Beberapa jam kemudian, mereka berempat sudah berada di dalam kereta menuju Jakarta. Lagi-lagi hujan tipis menyapu kaca jendela, dan suasana kompartemen terasa tenang. Kirana dan dua temannya sibuk berbicara dan bermain ponsel, men- update hasil kompetisi masing-masing di linimasanya. Hanya Kirana yang juara utama, satunya menjadi juara tiga di instumen gitar sedang satunya tidak memenangkan seluruh kategori. Namun, kebahagiaan tergambar jelas di raut mereka, bukan tentang kemenangan saja, tapi tentang telah tuntasnya misi sekolah. Agak bangga juga rupanya mereka, karena telah mewakili sekolahnya.
Selang beberapa menit keberangkatan, juru siar menyiarkan persiapan.
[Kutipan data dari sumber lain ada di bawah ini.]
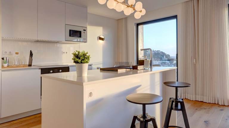Die Ferienwohnung verfügt über zwei Schlafzimmer, ein Wohnzimmer und ist mit einer voll ausgestatteten Küche ausgestattet, die einen Kühlschrank und eine Kaffeemaschine beinhaltet. Insgesamt stehen den Gästen drei Badezimmer mit Dusche und kostenlosen Pflegeprodukten zur Verfügung. Handtücher und Bettwäsche werden bereitgestellt.

Zul melemparkan pandangannya ke luar, memperhatikan petugas PPKA yang berdiri tegap dengan atribut topi merahnya di tepi rel, memberi sinyal kalau jalur sudah aman dan siap dilintasi. Ia ingat kalau ia belum lagi berbicara dengan Kirana sejak semalam. Dari mulai sarapan hingga duduk di kursi ini, ia tak lebih mengucapkan tiga kalimat ini saja. “selamat pagi”, “ayo berangkat”, “selamat, ya”.